How long does an auto tune take?


----------



## evoo4u (31/5/17)

I tried auto-tuning, but in my setup, it just screwed things up, so I took Adr_0's advice, and manually tuned. Pretty good now, with temp being held within a 0.3C band at the probe. So in the mash-tun, it evens out beautifully.


----------



## barls (31/5/17)

an hour or so but i set then walk away.
its more about getting a base line to then tweak from.


----------



## Hermies (13/6/17)

Thanks Adr_0 I am greatfull that we have an electronics wizard like yourself on this site . I have approx 5mt of copper coil in my 7.5lt pot and am heating it with a 2400W immersion heater . The question is ,I have a difference between the liquid out into the mash tun @ 67.7* it is 1* under the SV and the difference increases as I raise the temp higher at 87.7* it reads 84.6* . Is there a way of decreasing that difference ? I have an rkc CD101 .


----------



## Hermies (4/12/17)

Just recently purchased a new PID from Inkbird thought my old PID was going haywire , set up the new PID and it was doing a similar thing to my old PID turned out it was the temp sensor was playing up .Slaps hand on forehead .


----------



## davidanunn (11/10/18)

Hermies said:


> Just recently purchased a new PID from Inkbird thought my old PID was going haywire , set up the new PID and it was doing a similar thing to my old PID turned out it was the temp sensor was playing up .Slaps hand on forehead .
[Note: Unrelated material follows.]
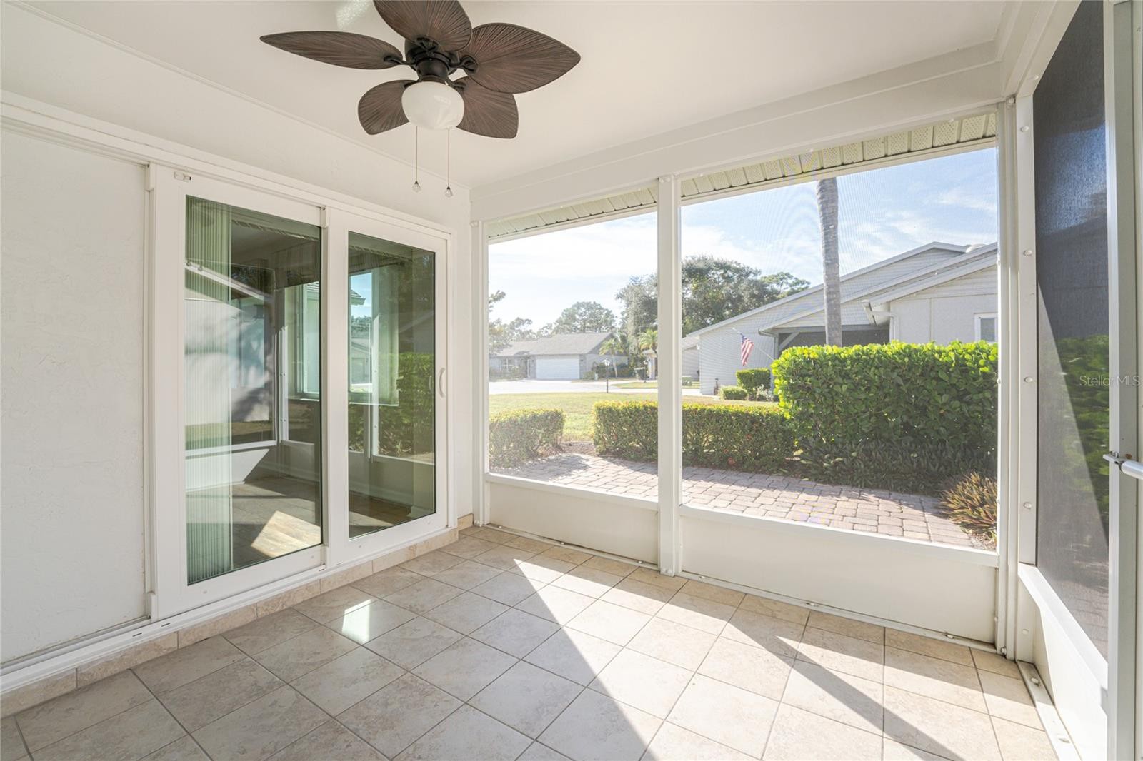 Make an appointment today to see this COMPLETELY UPDATED home in the ever popular "over 55" community of Park Forest! This beautiful villa is situated on a corner lot, surrounded by lush tropical landscaping. Impact-resistant windows and doors will keep you feeling safe in any kind of weather! The screened entry welcomes you into the wonderfully open floor plan, with a spacious main living area and adjacent area that can either be incorporated into the main area or used as a separate TV room. The laminate flooring makes for easy maintenance and the vaulted ceiling with ceiling fan create a light and bright atmosphere. The kitchen will be a chef's dream, and is large enough for two people to work on a meal together. With wood (i think maple) cabinetry, soft close doors/drawers w/ lazy susan and granite countertops and granite backsplash, you will actually like to cook! Updated Stainless appliances include: French door refrigerator, smooth top stove, dishwasher (all Samsung) and Bosch dishwasher. Recessed lighting and tiled flooring add the finishing touches! The adjacent dining area has plenty of room for a nicely sized dining table, and has sliding glass doors opening onto the lanai, making this a perfect spot for entertaining dinner guests! Just off the kitchen in the front of the home, you'll find the den, complete with custom built-in cabinetry, which can easily be converted into a more formal dining area, or a great home office, with all of it's built in storage space with its ample drawers and glass front cabinets. The sizeable Primary bedroom has newer carpeted flooring (great for those cool mornings!), ceiling fan, and a sizable walk-in closet with custom built-ins. The Primary bath features an updated dual vanity with granite countertops, additional built in storage closet, and a beautifully tiled walk-in shower with a frameless glass shower door. The Guest Bedroom has carpeted flooring, a ceiling fan and built ins in the wall closet. Guest bath has a tub/shower combo, and an updated wood vanity and granite countertop. The screened lanai is the perfect place to unwind and relax with a good book or enjoy your morning coffee. the two car garage houses the washer/dryer, an extra refrigerator, two electric panels with a direct hookup for a generator, a 2022 water heater, an epoxy floor, and more GREAT STORAGE CABINETS THAN YOU CAN IMAGINE! You'll also be thrilled to know that this home is packed with upgrades, including a newer roof, repainted exterior, impact garage door with remote-controlled roll-down screen, whole house filtration system, & gutters. Join in on the many social activities offered by the active community, including the community pool, shuffleboard courts, tennis courts, bocce ball, and much more. Your fees cover exterior paint and roof, lawn care, and the irrigation system, making this home truly move-in ready. Don't wait - schedule a showing today and move in before the snow flies up North!

Hey Hermies, wondering if I have the same issue. The SYL-2352 PID on my boil kettle shows temp sensor dropping in and out, and eventually goes loopy, flashing all sorts of numbers before freezing. Comes back after being powered down a while. Is that anything like you saw?

Cheers,

David


----------



## Hermies (12/10/18)

davidanunn said:


> Hey Hermies, wondering if I have the same issue. The SYL-2352 PID on my boil kettle shows temp sensor dropping in and out, and eventually goes loopy, flashing all sorts of numbers before freezing. Comes back after being powered down a while. Is that anything like you saw?
> 
> Cheers,
> 
> David


Same problem


----------



## davidanunn (19/10/18)

Hermies said:


> Same problem



Bewdy, thanks!


----------